We are asked about \(P(U2 | R)\), so we need to calculate \(P(U2 \cap R)\) and \(P(R)\). Noting that all marbles are equally likely to be chosen and glancing at the figure, we see that \(P(R)=\frac{5}{8}\) and \(P(R\cap U2)=\frac{2}{8}=\frac{1}{4}\). Then

\[P(U2 \cap R)=\frac{P(U2 \cap R)}{P(R)}=\frac{\frac{1}{4}}{\frac{5}{8}}=\frac{1}{4}\cdot\frac{8}{5}=\frac{2}{5}\]

Alternatively, we can consider the red marbles by themselves (restrict the probability space). If we draw one red marble from the five, what is the probability it’s in Urn 2? Well, 2 of the 5 are in Urn 2.

  1. A math teacher gave her class two tests. If 25% of the class made A’s on both tests and 42% of the class made A’s on the first test, find the probability that someone who earned an A on Test 1 also earned an Aon Test 2. Soltuion. A quick Venn diagram is probably the best way to proceed, but the formula works, too.

_images/ProbFig11.png

Fig. 11 width: 3cm#

Let events \(T1\) and \(T2\) indicate the A’s on Tests 1 and 2 respectively.

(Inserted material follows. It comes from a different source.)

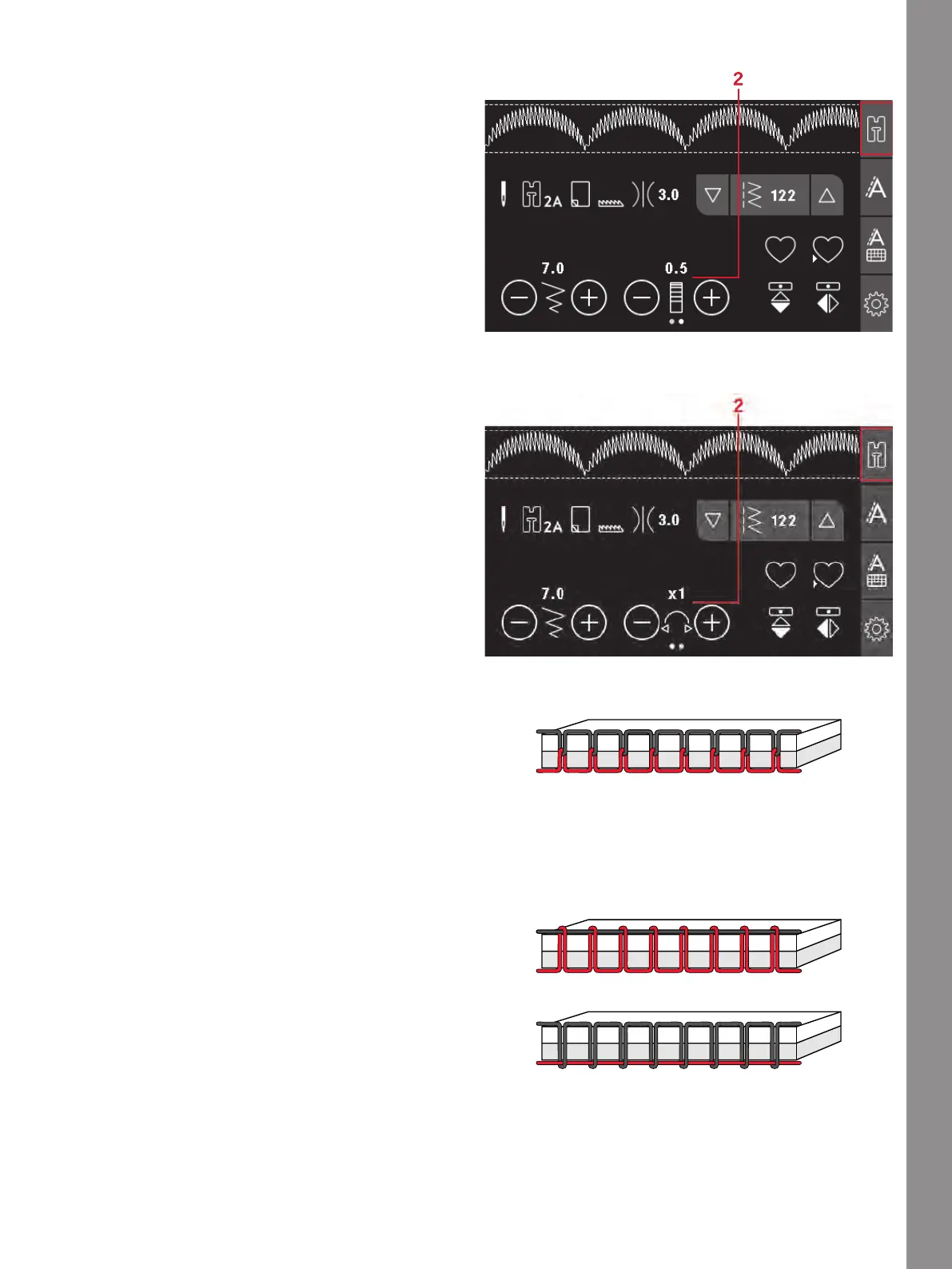 bovendraad zichtbaar zijn op de onderkant van de stof.

\[P(T2|T1)=\frac{P(T1\cap T2)}{P(T2)}=\frac{0.25}{0.42}\approx 0.59523\]
  1. A jar contains black and white marbles. Two marbles are chosen without replacement. The probability of selecting a white marble second given that a black marble was drawn first is \(\frac{4}{5}\), and the probability of selecting a black marble on the first draw is \(\frac{1}{3}\). How many of each color marble is in the jar?

    Solution. The probability of drawing a white marble changes.

    • On the first draw: \(P(W)= 1-P(B)=\frac{2}{3}\)

    • On the second draw, when a black marble has been removed on the first draw: \(P(W|B)=\frac{4}{5}\)

    Because the probability has increased from

    \[\frac{4}{6}\rightarrow\frac{4}{5},\]

    we deduce that there were six marbles originally, two black and four white.

  1. In the United States, 56% of all children get an allowance and 41% of all children get an allowance and do household chores. What is the probability that a child does household chores given that the child gets an allowance?

    Solution. Restricted probability space:

    \[P=\frac{0.41}{0.56}\approx 0.73214\]
  1. The Monte Hall problem is a classic conditional probability question that every math major should know about. An excellent discussion is posted at Brilliant.org.

The correct answer to the Monte Hall problem is to always switch doors, though this may trouble some very fine analytical minds. You should take the time to understand this problem and its solution.

Solution. We are calculating the following conditional probabilities given that we use the strategy of always switch:

  • The probability of winning given a car is picked first (and we thus switch to a goat): $\(P(W | \text{Car}) = 0\)$

  • The probability of winning given a goat is picked first (and we thus switch to a car): $\(P(W | \text{Goat}) = 1\)$

Since we have a \(\frac{1}{3}\) chance of picking a car first and a \(\frac{2}{3}\) chance of picking a goat first, we have the following probability:

\[P(\text{Win}) = \frac{1}{3}(0) + \frac{2}{3}(1) = \frac{2}{3}\]

This value is clearly higher than chance of a picking a car first and not switching, as you can verify.